Another point is that it is important to stay humble.
Regardless of any accolades and accomplishments of a bartender, each guest is a new challenge that you need to prove yourself to them. True, prior experiences offer confidence, knowledge, and a depth of tools to make the next guest’s experience better and to make that moment matter. In my mind, it is the only moment that matters. No guest will be consoled that their mediocre (or worse) night out was handled by someone who on paper should have been above average.
During the beginning of the Pandemic, one of my quarantine reads was
The Book of Ichigo Ichie: The Art of Making the Most of Every Moment, the Japanese Way. Ichigo ichie is a tenet of Zen Buddhism, and it is often used as a greeting or a goodbye. It conveys that the moment is unique, special, and once in a lifetime. In martial arts usage, it means that there is no “try again” in life-or-death moments, but in casual usage, it is a means to focus on the moment at hand for it will never happen again. That guest sitting at your bar will never have a first greeting, first cocktail, or first night sitting at your bar ever again.

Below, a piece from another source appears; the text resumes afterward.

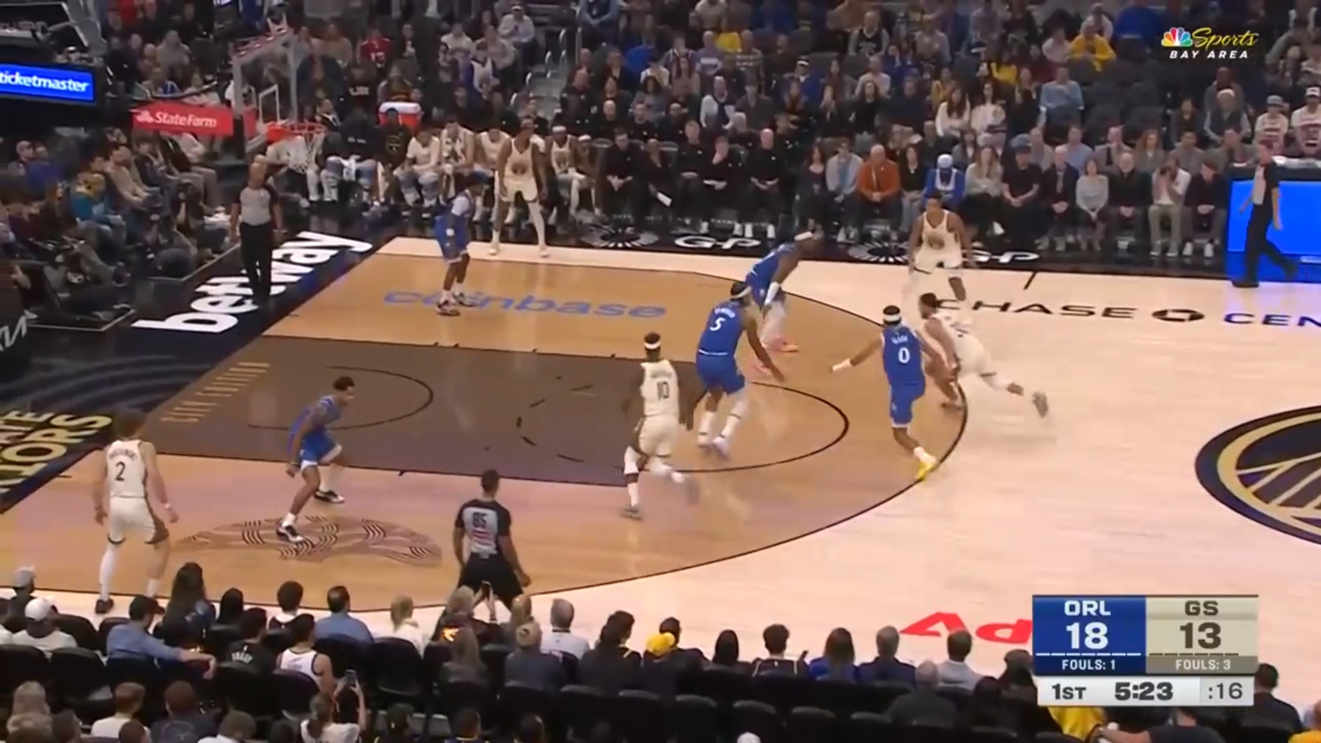 With Butler “ghosting” the screen and slipping toward the rim, Anthony Black is able to maintain contact with Curry around the screen, allowing Paolo Banchero to calmly contain Curry’s drive. As a result, the Magic defense is allowed to stay home without the need to rotate: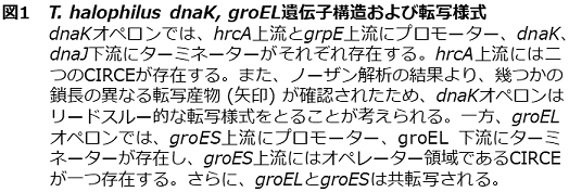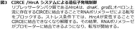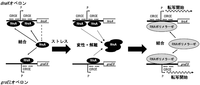 枯草菌などの研究では、dnaKおよびgroEL遺伝子の転写制御は、先に述べたとおりHrcAがStem-loop構造をとったCIRCE配列へ結合することにより負に制御されていることが示唆されている (図3)12)。T. halophilusにおいても同様の制御機構が存在すると考え、組換え体HrcAを用いてゲルシフトアッセイおよびビオチン化CIRCE DNA断片への結合実験を行った。その結果、HrcAがdnaK遺伝子クラスター上流およびgroES上流に存在するCIRCE部位に特異的に結合することが示された。また、ゲルシフトアッセイとCDスペクトル解析の結果より、熱ストレスと塩ストレスによってHrcAの立体構造変化が生じ、HrcAのDNAへの結合活性は失われることが明らかとなった。

They will be celebrating that birthday, anniversary, or promotion only once. They may return, but that special moment has fled. The book quotes the Greek philosopher Heraclitus who declared, “No man ever steps into the same river twice, for it’s not the same river and he’s not the same man.” Ichigo ichie will lead to greater satisfaction if one is not weighted down by the past or anxious about the future; if one can live fully in the present, the journey can be a unique and once-in-a-lifetime experience.
Subtle self-promotion does have its value especially in gaining the confidence in the guest, but this needs to be backed up with action eventually if not first. I am not without an ego for sure, but I try to put it on a back burner for most of my bar shifts unless the guest begins to inquire. Self-aggrandizing perhaps has its place to some extent in reassuring a guest as to why that moment is unique. Many have a curiosity as to why this interaction feels different and special, and they desire an explanation. Without prompting, that same story reveal is unnecessary and pretentious, and it could across as insecurity and seem like a way to make up for shortcomings by resting on laurels or worse – acts of fiction and delusion. Micah Solomon in
The Heart of Hospitality: Great Hotel and Restaurant Leaders Share Their Secrets wrote, “The heart of hospitality, for me, is the ability to focus completely and totally on one person, even if only for a matter of seconds, yet long enough that you’ve got a clear connection, a channel between the two of you.” Working towards that connection is the goal with many ways of getting there.
In thinking about other bar mentors in the industry, I wondered what would legendary NYC barman Sasha Petraske say about all this [since he was a bit of an iconoclast]. In his
Regarding Cocktails book, he instructed, “Do things not for applause or personal gain, but simply because it is the right way to do things.” Indeed, Sasha promoted the idea of hospitality over self-needs to choose the best path possible for the guest.
In returning to Gary Regan, he stressed to not underestimate your ability as a bartender or server to change the world one customer at a time. If you make one guest happy and they pass that on to other, and if you consider how many guests you see in a work shift, in a week, and in a year, it can make the world better.